Given a state, as described above, and a move, e.g. ‘place a $ x $ at row 2, column 1’ we need a function that will return a new state, with the move having been played.

Input:

  • State before the move.
  • Row to modify.
  • Column to modify.
  • What to place, $ x $ or $ o $.
def play(state, row, col, mark):
    """Returns a new state after the given move has been played."""

    lst_state = [list(i) for i in state]
    lst_state[row][col] = mark
    state = tuple([tuple(i) for i in lst_state])

    # **************************************************************** (2 marks)
    return state

# Code to test the above function - it should play the game given in the 'noughts and crosses' section above...
start = ((" ", " ", " "), (" ", " ", " "), (" ", " ", " "))
move1 = play(start, 1, 1, "x")
move2 = play(move1, 1, 2, "o")
move3 = play(move2, 0, 2, "x")
move4 = play(move3, 2, 0, "o")
move5 = play(move4, 0, 1, "x")
move6 = play(move5, 0, 0, "o")
move7 = play(move6, 2, 1, "x")

print_state(start)
print("")
print_state(move1)
print("")
print_state(move2)
print("")
print_state(move3)
print("")
print_state(move4)
print("")
print_state(move5)
print("")
print_state(move6)
print("")
print_state(move7)

# The assert statement throws an error if what it is testing is not true.
# The below assert statements confirm that the output of play is nested tuples.
# 'is' when applied to core types (such as tuple) ensures exact equivalence.
assert type(move7) is tuple
assert type(move7[0]) is tuple
assert type(move7[1]) is tuple
assert type(move7[2]) is tuple
 | | 
 | | 
 | | 


 | | 
 |x| 
 | | 


 | | 
 |x|o
 | | 


 | |x
 |x|o
 | | 


 | |x
 |x|o
o| | 


 |x|x
 |x|o
o| | 


o|x|x
 |x|o
o| | 


o|x|x
 |x|o
o|x| 

Finding Possible Moves

Given a state we need to know all of the possible moves that the current player can make, that is, a list containing the coordinates of all empty places.

import numpy as np

def moves(state):
    """Returns the list of moves that are avaliable from the current state."""

    lst_state = np.array(state)
    state_mask = np.where(lst_state == " ")
    coordinates = list(zip(state_mask[0], state_mask[1]))

    return coordinates

    # **************************************************************** (1 mark)

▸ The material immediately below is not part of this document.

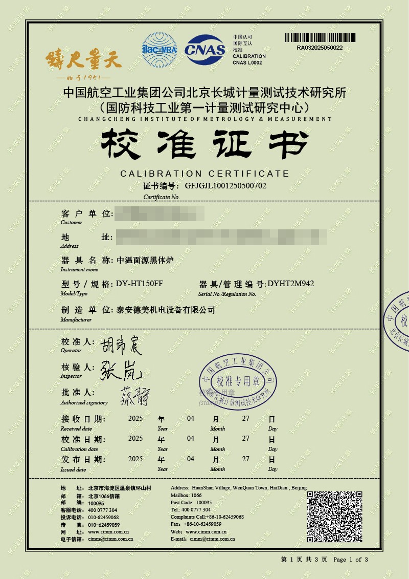 | 上一條:腔式黑體輻射源(-50-100℃)校準(zhǔn)證書(shū) | 下一條:DY-HT2M-C高溫面源黑體爐(100mm) |
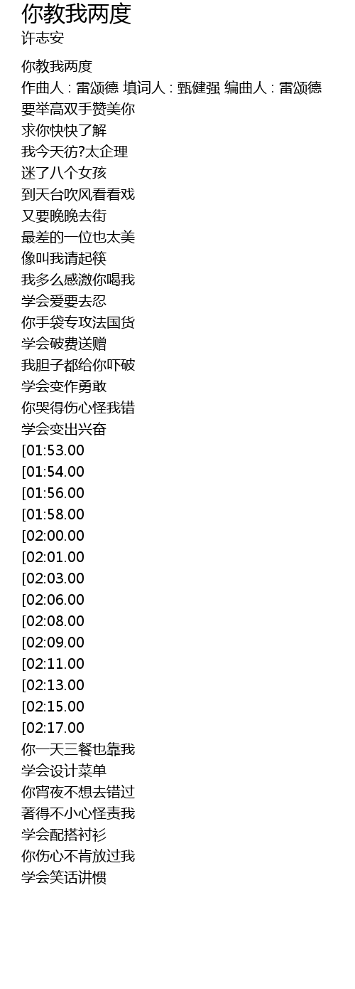 | [02:53.00][02:11.00][01:16.00] | 你教我有两度 |

# Testing the above function. Note that a set is another Python data type;
# it's value here is it doesn't care about order when making comparisons, so if you
# output the list of moves in a different order it still does the right thing...
moves1 = moves(((" ", " ", " "), (" ", " ", " "), (" ", " ", " ")))
assert set(moves1) == set(
    [(0, 0), (0, 1), (0, 2), (1, 0), (1, 1), (1, 2), (2, 0), (2, 1), (2, 2)]
)

moves2 = moves((("o", " ", "o"), ("x", "x", "x"), (" ", " ", " ")))
assert set(moves2) == set([(0, 1), (2, 0), (2, 1), (2, 2)])

moves3 = moves((("o", "x", "o"), ("x", "x", "o"), ("o", "o", "x")))
assert moves3 == []

Minimax

Now to implement the minimax algorithm; finish the below function such that:

Input:

  • A game state.
  • Whose turn it is, either $ x $ or $ o $.

Output:

  • The estimated score of the game.
  • None if the game has ended, or a tuple of (row, column), the move the player is to take.
def score(state, player):
    """Recursive scorer implementing the minimax algorithm."""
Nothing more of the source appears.